Same argument applies to _water-based_ stains. Say you didn't even bother to wash it and just applied a latex paint...well, in due course the water-soluble parts of the stain will show through, probably the oily stains too. 

So what's needed? You need to grab these molecules and surround them in a hard shell that neihter water nor oil will get through: ie shellac. That'e why BIN works in this situation and an oil-based paint won't. Again, these are tolerances involved here so to each his own.

But ask yourself what a professional do, one who is paid to take care of that problem and not want to risk his reputation on what? a poll or hearsay from cousin Vinny down the road?
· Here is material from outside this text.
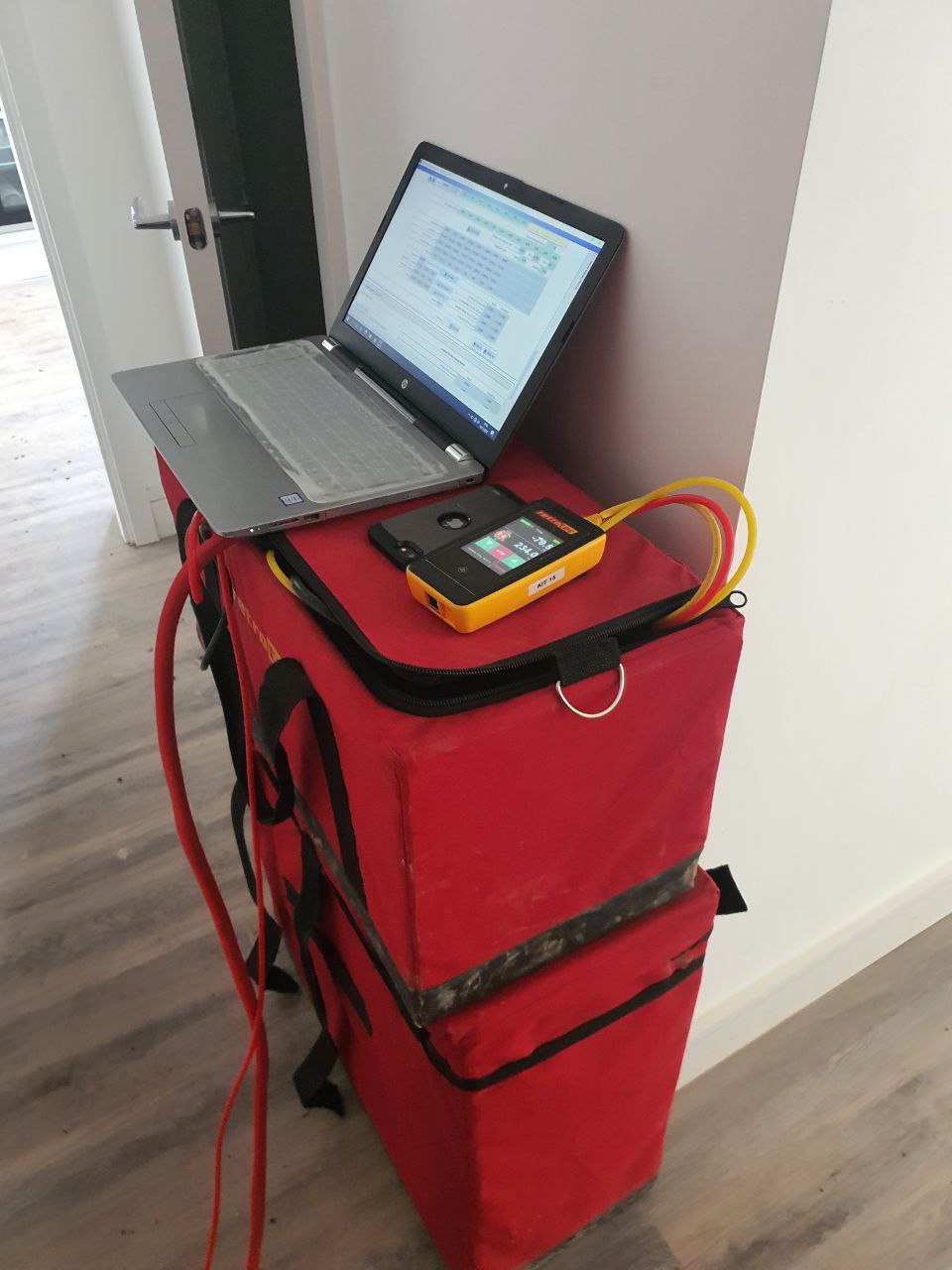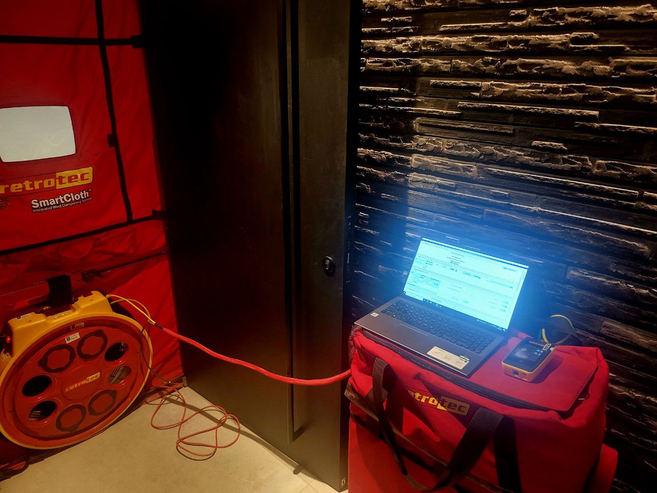 Before testing, we ensure the building is properly prepared by sealing all service penetrations, checking that windows, doors, and vents are installed and closed, and confirming that plumbing and electrical work is complete. A blower door system is then set up to pressurise or depressurise the building, allowing us to measure air leakage and identify problem areas using smoke tests and thermal imaging.

Now taking care of the odour is somewhat the same idea. The odour molecules (of which there are dozens) can each be treated individually - but at what cost? In an empty house a good ozone treatment might work but here again there's nothing like neutralizing all those molecules in a shellac shell. Again, take your lead from professional fire and smoke restoration guys and see what they would use...


----------



## mazzonetv (Feb 25, 2009)

Bin is really the best way to go. It will form a vapor barrier to seal odors which the oil based products will not! Why chance having the place smell like a dirty ashtray??


----------



## gailquilter2 (Feb 16, 2010)

When some tennants moved out of a rental the fleas and urine smell was terrible, we scrubbed and scrubbed and each day set off several flea bombs when we left. Used genuine T.S.P. We did this every couple days for two weeks. Still smelled, then I decided to wash the ceiling in the laundry room. That took care of the smell immediately. So you know what they had done. Evicted for non-payment of rent.

Selling my mother's house: nicotine on floor to ceiling 10' high windows on most of the exterior walls and everything else, I spent hours on one small glass area and accomplished smearing it. It was like a plastic film epoxied on there. When she moved out the stench of cigarettes was unbearable and made my eyes red and watery. We had the windows cleaned, walls washed and painted, everywhere including closets. Didn't help. Had the carpet shampooed, didn't help. Had the drapes removed and cleaned, didn't help. We had the realtor get a non-smoker to go in there after each cleaning to check.
Open beam ceilings--had them cleaned and painted.
Next couple in the house bought it.


Get some help and remove as much as you can before sealing and don't forget the ceilings. Mixing chemicals can be deadly--don't do it.


----------



## Bushman (Mar 28, 2010)

Thanks gailquilter,
Check my post out further down. diff topic same thread. I have some pics of the nicotine dripping down the wall. Unfortunatley the ceiling is textured. It is the half swipe trowel look. Not sure what it's called but not sure how to clean it either. I won't be able to wipe it very well.


----------



## ratherbefishin' (Jun 16, 2007)

Sounds like your texture is "Spanish knife" or similar. Clean it the best you can with a large coarse sponge and TSP. BIN will seal in the the little bit you can't get.


----------



## gailquilter2 (Feb 16, 2010)

Bushman, 
I found your pictures by clicking on your name and looking at other posts.
I have no idea about the white stuff but I think you better have it tested before you move in there.
What does it feel like? Gypsum? I cannot imagine what else would be white. Why wasn't it discolored with the nicotine?
If the walls are too hard to clean and if you are strong enough(I'm not) to pick up a sheet of drywall you could replace the walls, fix insulation, put in a vapor barrier, rewire anything you wanted like tv, telephone and elec, and start fresh. If you can do all that and mud, it wouldn't cost much. Depends on how many rooms I suppose and how much time you have. Doing the mud is actually fun.

Are you going to live there? I worry about the nicotine and you breathing it.
gail


----------



## gailquilter2 (Feb 16, 2010)

*painting ceiling*



Bushman said:


> Unfortunatley the ceiling is textured. It is the half swipe trowel look. Not sure what it's called but not sure how to clean it either. I won't be able to wipe it very well.


But you can paint it. They make a special roller brush for it, very lumpy roller brush.
Personally, I'd spray it. Maybe you said you'd spray it before.